* Exercise prompt *
Exclude all pictures from your copy of the data below, which should otherwise match exactly.

* Record extracts *
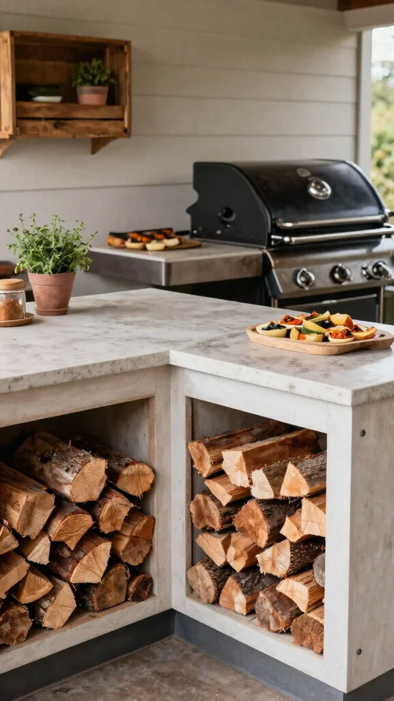 Are you serious about your outdoor cooking? A BBQ setup that includes integrated firewood storage combines functionality with style. This design ensures your firewood is easily accessible while maintaining a clean and polished look.
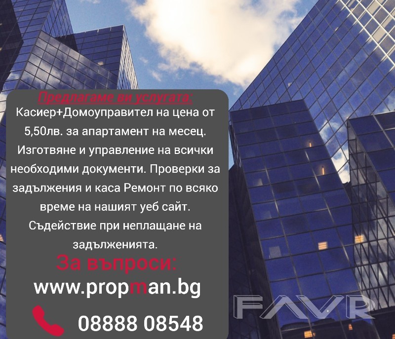 КАСИЕР + ДОМОУПРАВИТЕЛ 5,50 лв/месец/Апартамент
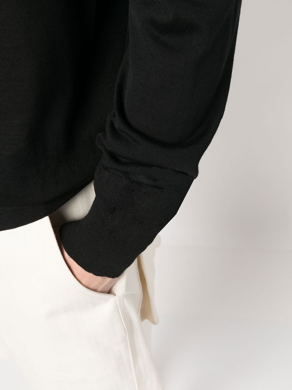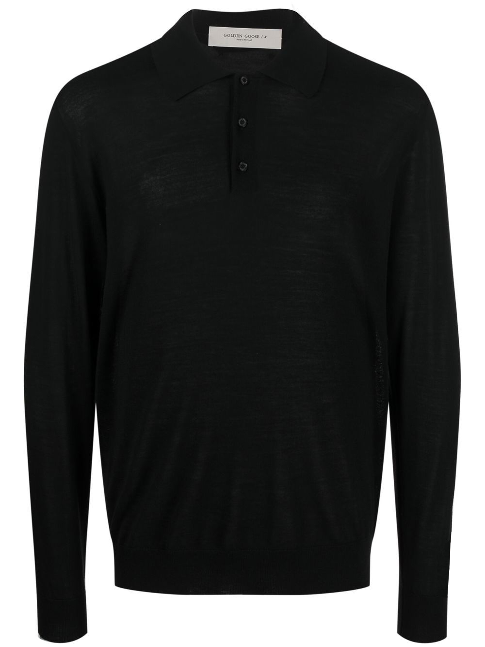 GOLDEN GOOSE black polo shirt with a knitted design, polo-style collar, long sleeves, and a straight hem.
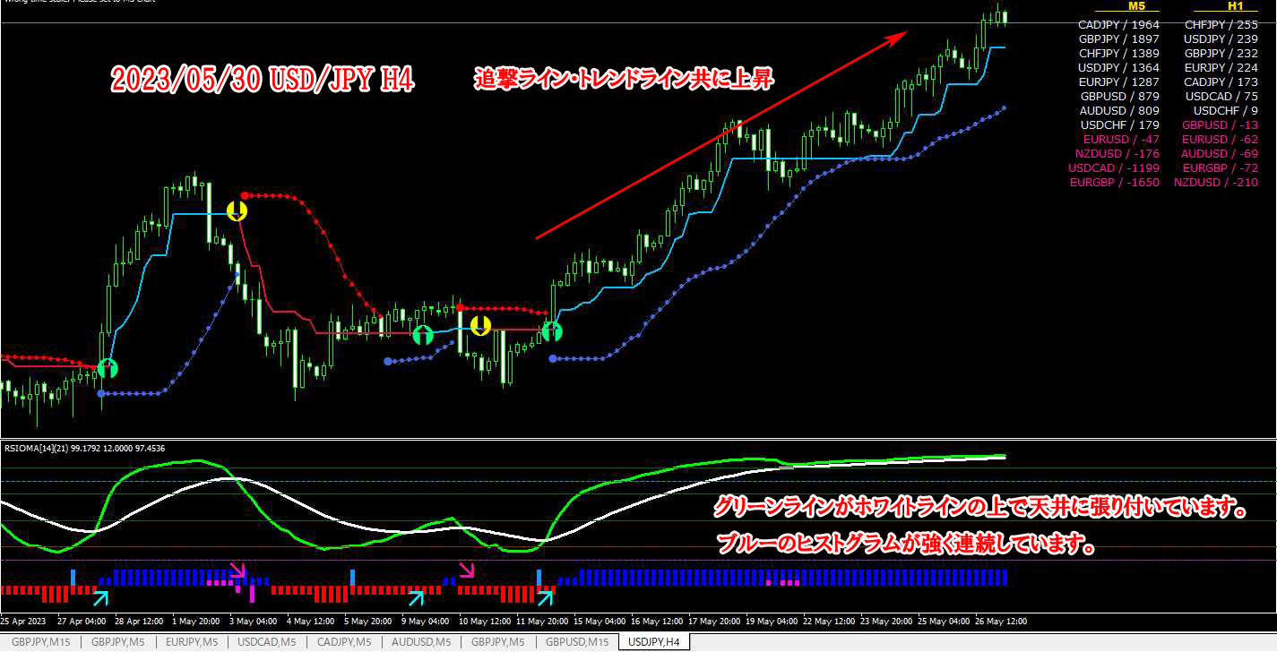 追撃シグナル( ドットの連続 )、フォローラインもブルーのまま上昇。
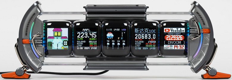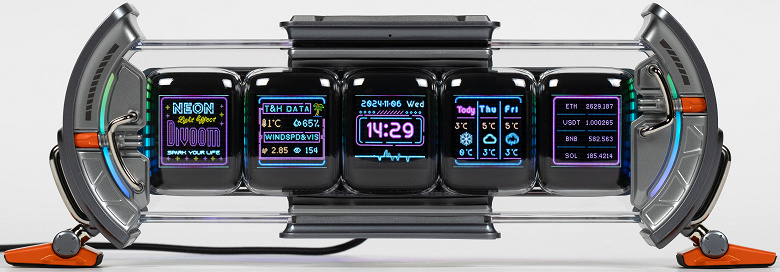 Выглядит гаджет как какой-нибудь космический корабль, основная часть прозрачная — в ней расположены пять модулей дисплеев. По бокам размещены удерживающие всю конструкцию полукруглые элементы с ножками, оранжевые накладки на которых делают дизайн немного более ярким. Устройство явно будет привлекать к себе максимум внимания, особенно во включенном виде — когда заработает подсветка. В данном случае это замечательно — для этого оно и создавалось.
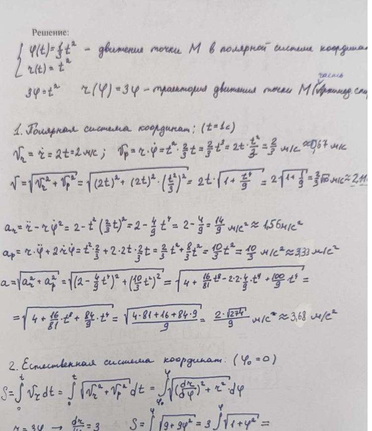 6) найти радиальные и трансверсальные составляющие скорости и ускорения точки M. Начало полярной системы координат нужно поместить в начало декартовой, направив полярную ось по оси Ox;
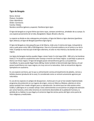 El documento proporciona información sobre el oso panda. Específicamente, describe que el oso panda es un mamífero carnívoro nativo de China occidental y las montañas cercanas al Tíbet. Tiene pelaje blanco y negro y un falso pulgar. Vive de forma solitaria y tranquila. Se encuentra en peligro de extinción debido a la destrucción de su hábitat y tiene una baja tasa de reproducción.
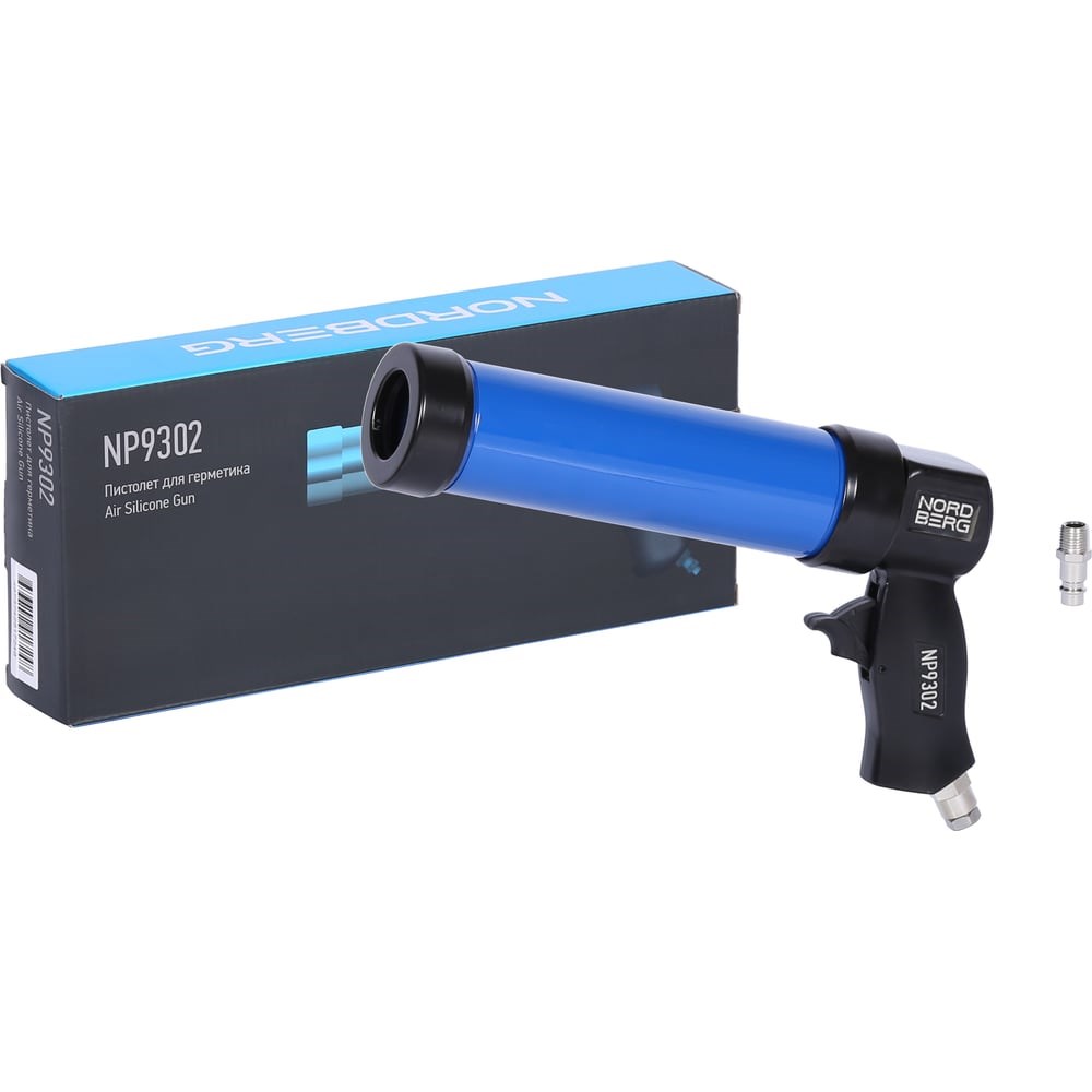 NORDBERG NP9302 — пневматический пистолет для герметика. Используется при кузовном ремонте автомобилей, вклейке стёкол, панелей, а также в строительных и ремонтных работах. Функционал Предназначен для нанесения герметиков, клеев и других материалов с целью создания герметичных соединений или заполнения швов. Используется при кузовном ремонте автомобилей, вклейке стёкол, панелей, а также в строительных и ремонтных работах. Преимущества Расход сжатого воздуха 113 л/мин обеспечивает равномерное нанесение материала; Рабочее давление 5 бар, максимальное 8 бар, что позволяет использовать различные типы герметиков; Поддерживает тубы объёмом 310 мл с диаметром цилиндра 50–216 мм; Входное отверстие 1/4" NPT совместимо с большинством стандартных систем сжатого воздуха; Отсутствие остаточного давления после завершения работы предотвращает самопроизвольное вытекание герметика; Алюминиевый корпус устойчив к механическим повреждениям и коррозии. Удобство использования Лёгкий и удобный в работе: снижает нагрузку на руки оператора за счёт пневматического привода; Быстрая смена тубы: удобный механизм установки картриджа ускоряет процесс работы; Компактные размеры позволяют работать даже в ограниченном пространстве; Лёгкая очистка: корпус не требует сложного ухода, достаточно периодической очистки от остатков герметика.
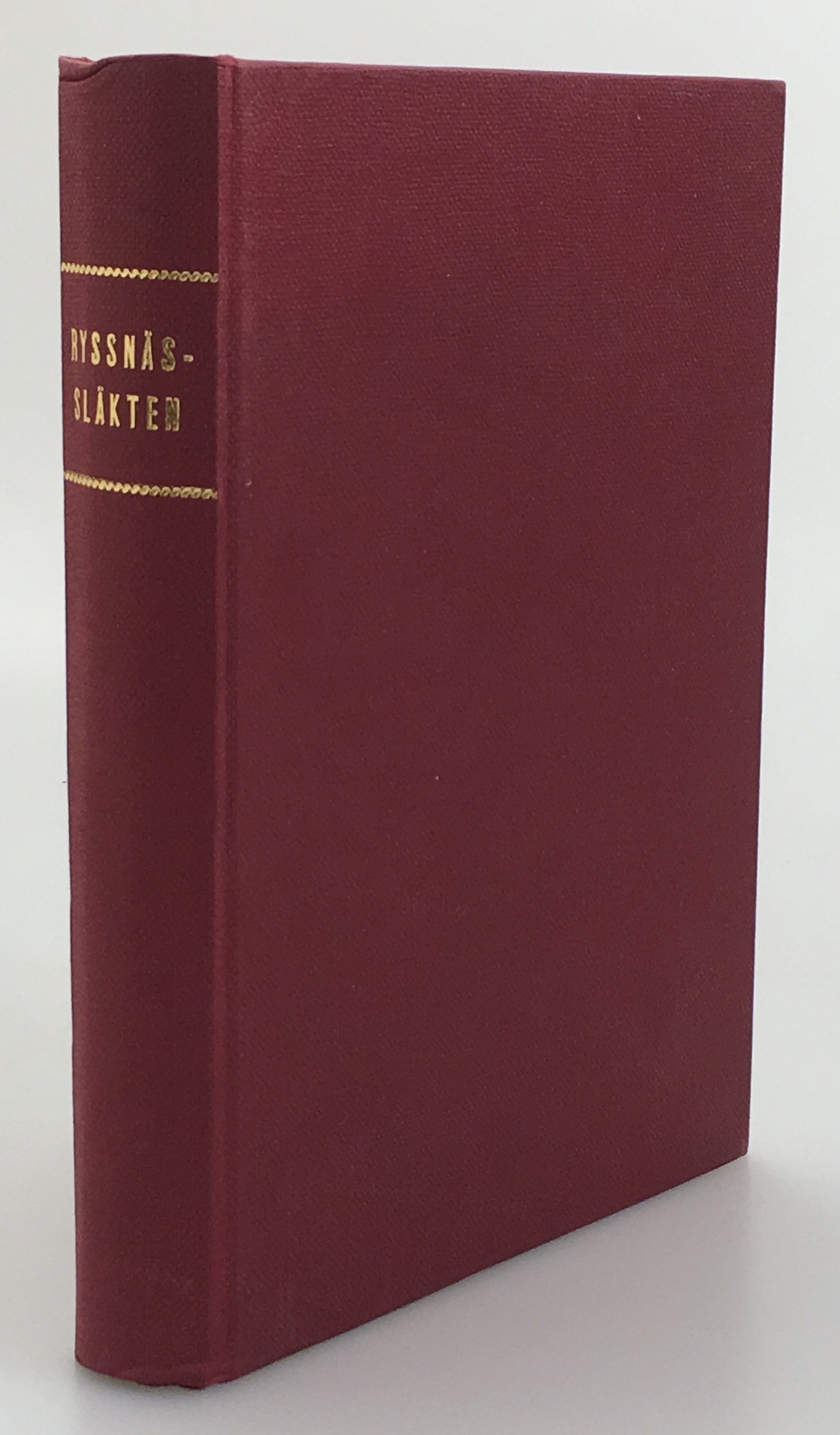 Hässleholm, Svantessons Boktryckeri, 1960. 8:o. 560 s. (inkl. 10 ant.-s.). Förlagets röda klotband med ‘Ryssnässläkten’ i guldtryck på ryggen.
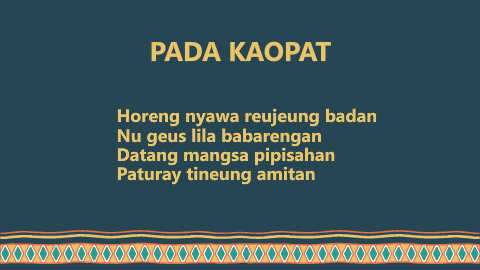 PADA KAOPAT Horeng nyawa reujeung badan Nu geus lila babarengan Datang mangsa pipisahan Paturay tineung amitan
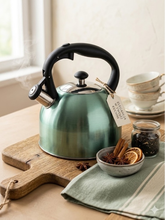 Doda powiewu świeżości i nowoczesnego stylu każdej kuchni! Prezentujemy wysokiej jakości czajnik wykonany ze stali nierdzewnej w unikalnym, satynowym odcieniu morskiej zieleni. To idealne połączenie tradycyjnego parzenia herbaty z designem, który przyciąga wzrok.
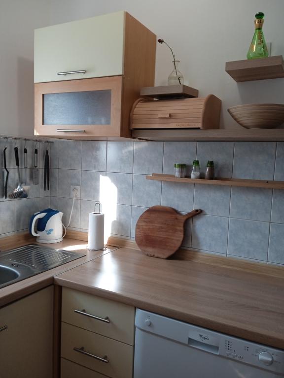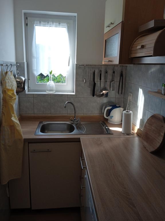 Az apartman található, az emeleten, a ház. Két hálószoba dupla ággyal. Minden szobához erkély tartozik. Szintén a lakás nappali, konyha és egy erkély. A földszinten található nyári konyha és terasz, fekete konyha, kandalló, amely együtt alkalmazzák a házigazdák. Az udvaron van egy parkoló. A lakáshoz tartozik egy külön bejárattal. Ingyenes wi-fi.

* Expected output *
 Are you serious about your outdoor cooking? A BBQ setup that includes integrated firewood storage combines functionality with style. This design ensures your firewood is easily accessible while maintaining a clean and polished look.
 КАСИЕР + ДОМОУПРАВИТЕЛ 5,50 лв/месец/Апартамент
 GOLDEN GOOSE black polo shirt with a knitted design, polo-style collar, long sleeves, and a straight hem.
 追撃シグナル( ドットの連続 )、フォローラインもブルーのまま上昇。
 Выглядит гаджет как какой-нибудь космический корабль, основная часть прозрачная — в ней расположены пять модулей дисплеев. По бокам размещены удерживающие всю конструкцию полукруглые элементы с ножками, оранжевые накладки на которых делают дизайн немного более ярким. Устройство явно будет привлекать к себе максимум внимания, особенно во включенном виде — когда заработает подсветка. В данном случае это замечательно — для этого оно и создавалось.
 6) найти радиальные и трансверсальные составляющие скорости и ускорения точки M. Начало полярной системы координат нужно поместить в начало декартовой, направив полярную ось по оси Ox;
 El documento proporciona información sobre el oso panda. Específicamente, describe que el oso panda es un mamífero carnívoro nativo de China occidental y las montañas cercanas al Tíbet. Tiene pelaje blanco y negro y un falso pulgar. Vive de forma solitaria y tranquila. Se encuentra en peligro de extinción debido a la destrucción de su hábitat y tiene una baja tasa de reproducción.
 NORDBERG NP9302 — пневматический пистолет для герметика. Используется при кузовном ремонте автомобилей, вклейке стёкол, панелей, а также в строительных и ремонтных работах. Функционал Предназначен для нанесения герметиков, клеев и других материалов с целью создания герметичных соединений или заполнения швов. Используется при кузовном ремонте автомобилей, вклейке стёкол, панелей, а также в строительных и ремонтных работах. Преимущества Расход сжатого воздуха 113 л/мин обеспечивает равномерное нанесение материала; Рабочее давление 5 бар, максимальное 8 бар, что позволяет использовать различные типы герметиков; Поддерживает тубы объёмом 310 мл с диаметром цилиндра 50–216 мм; Входное отверстие 1/4" NPT совместимо с большинством стандартных систем сжатого воздуха; Отсутствие остаточного давления после завершения работы предотвращает самопроизвольное вытекание герметика; Алюминиевый корпус устойчив к механическим повреждениям и коррозии. Удобство использования Лёгкий и удобный в работе: снижает нагрузку на руки оператора за счёт пневматического привода; Быстрая смена тубы: удобный механизм установки картриджа ускоряет процесс работы; Компактные размеры позволяют работать даже в ограниченном пространстве; Лёгкая очистка: корпус не требует сложного ухода, достаточно периодической очистки от остатков герметика.
 Hässleholm, Svantessons Boktryckeri, 1960. 8:o. 560 s. (inkl. 10 ant.-s.). Förlagets röda klotband med ‘Ryssnässläkten’ i guldtryck på ryggen.
 PADA KAOPAT Horeng nyawa reujeung badan Nu geus lila babarengan Datang mangsa pipisahan Paturay tineung amitan
 Doda powiewu świeżości i nowoczesnego stylu każdej kuchni! Prezentujemy wysokiej jakości czajnik wykonany ze stali nierdzewnej w unikalnym, satynowym odcieniu morskiej zieleni. To idealne połączenie tradycyjnego parzenia herbaty z designem, który przyciąga wzrok.
 Az apartman található, az emeleten, a ház. Két hálószoba dupla ággyal. Minden szobához erkély tartozik. Szintén a lakás nappali, konyha és egy erkély. A földszinten található nyári konyha és terasz, fekete konyha, kandalló, amely együtt alkalmazzák a házigazdák. Az udvaron van egy parkoló. A lakáshoz tartozik egy külön bejárattal. Ingyenes wi-fi.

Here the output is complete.